Methods: Data on demographics, perinatal course, and neonatal course, including total fentanyl exposure prior to term equivalent age, were retrospectively evaluated for 103 infants born at ≤30 weeks gestational age (mean gestational age 26.9 ± 1.8 weeks) who underwent magnetic resonance imaging at term equivalent age. Magnetic resonance images were evaluated for brain injury and regional brain diameters. Developmental testing was conducted at term equivalent and 2 years of age.

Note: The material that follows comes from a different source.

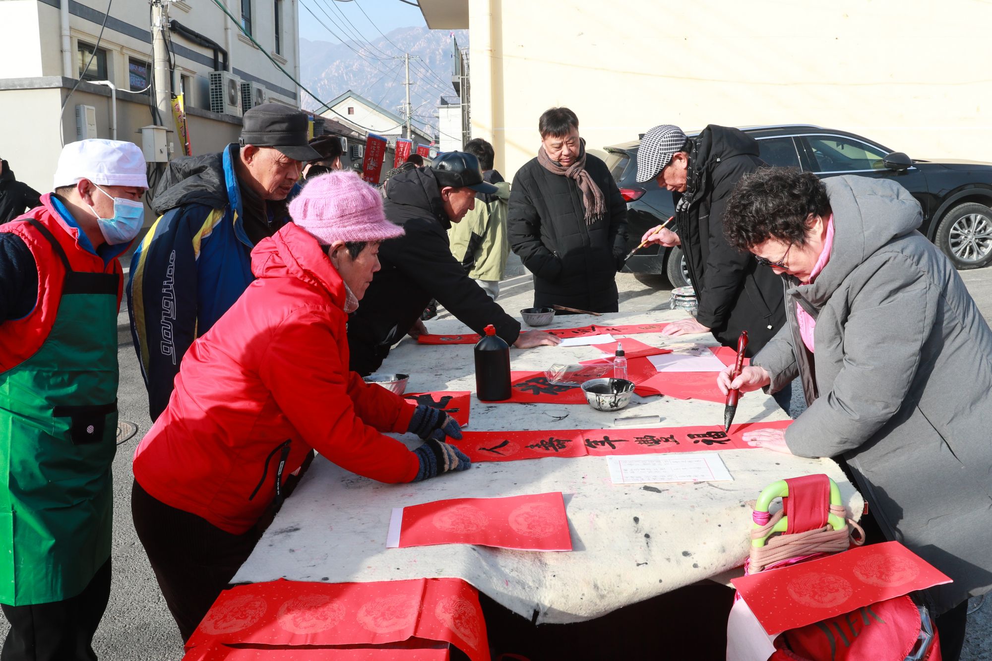 海淀区书法协会及北京四香书画院的书画家们应邀前来,为辖区百姓写春联,送“福”字。书画家们将心意融入笔墨之中,字迹或苍劲有力,或飘逸俊秀,挥毫泼墨间道尽满心祝福。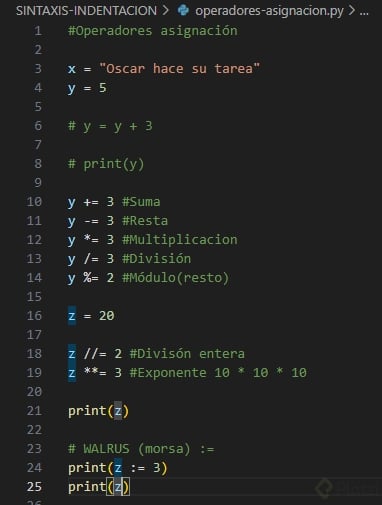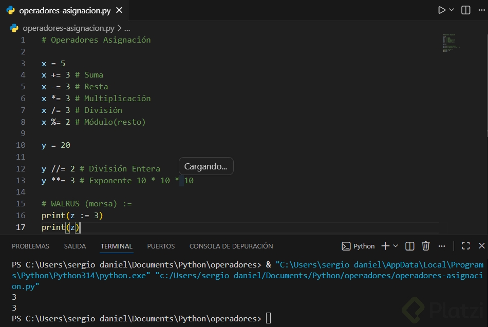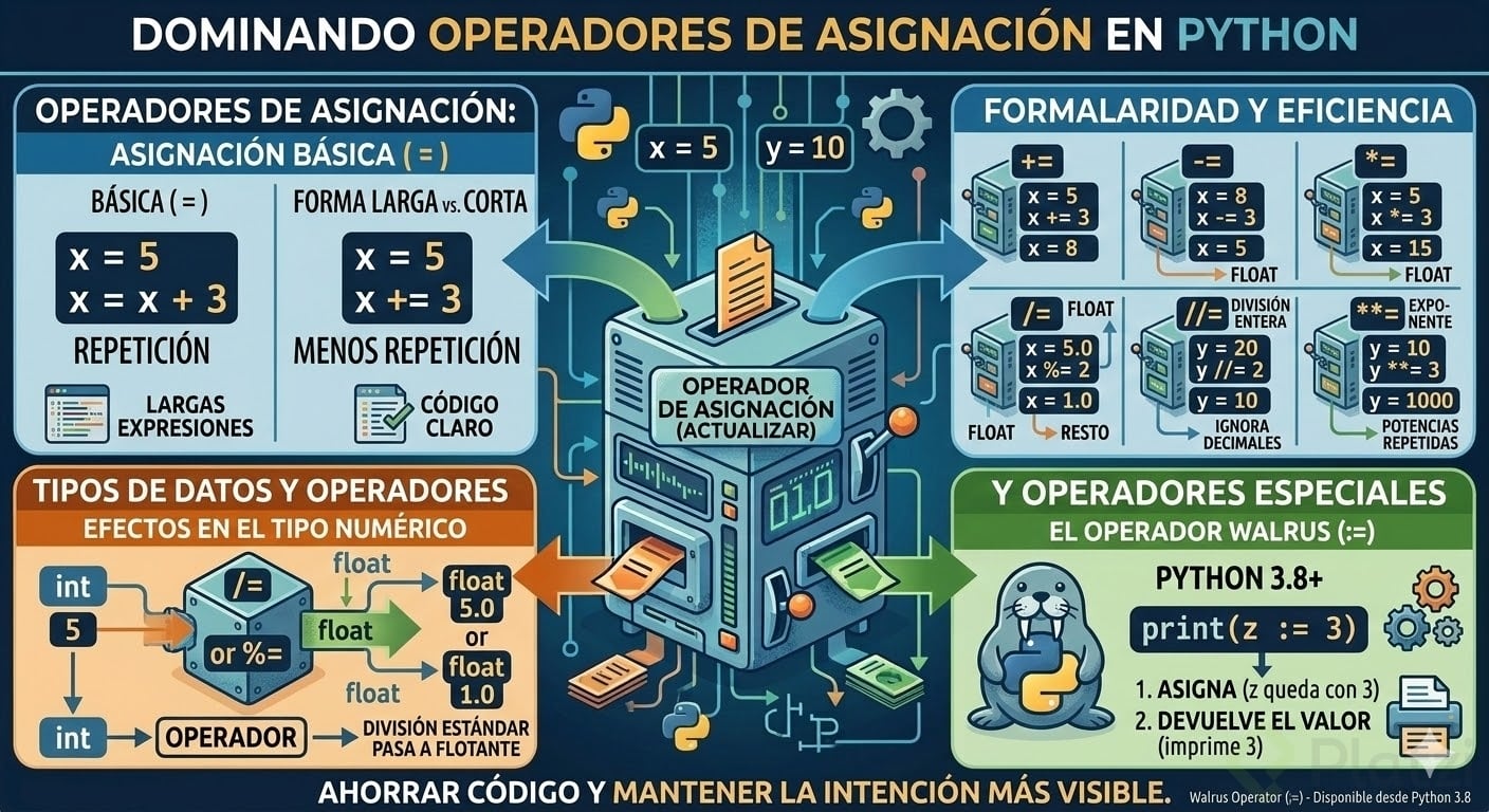 Aprende a escribir código más claro y corto en Python dominando operadores de asignación como +=, -=, =, /=, %=, //=, = y el operador walrus* (:=). Con ejemplos simples verás cómo actualizar variables sin repetirlas y cómo estos operadores afectan los tipos numéricos.

Results: Seventy-eight infants (76%) received fentanyl (median cumulative dose 3 µg/kg, interquartile range 1-441 µg/kg). Cumulative fentanyl dose in the first week of life correlated with the incidence of cerebellar hemorrhage after correction for covariates (odds ratio 2.1, 95% confidence interval 1.1-4.1). Cumulative fentanyl dose before term equivalent age correlated with reductions in transverse cerebellar diameter after correction for covariates, including the presence of cerebellar hemorrhage (r = 0.461, P = 0.002). No correlation was detected between cumulative fentanyl dose and development at 2 years of age.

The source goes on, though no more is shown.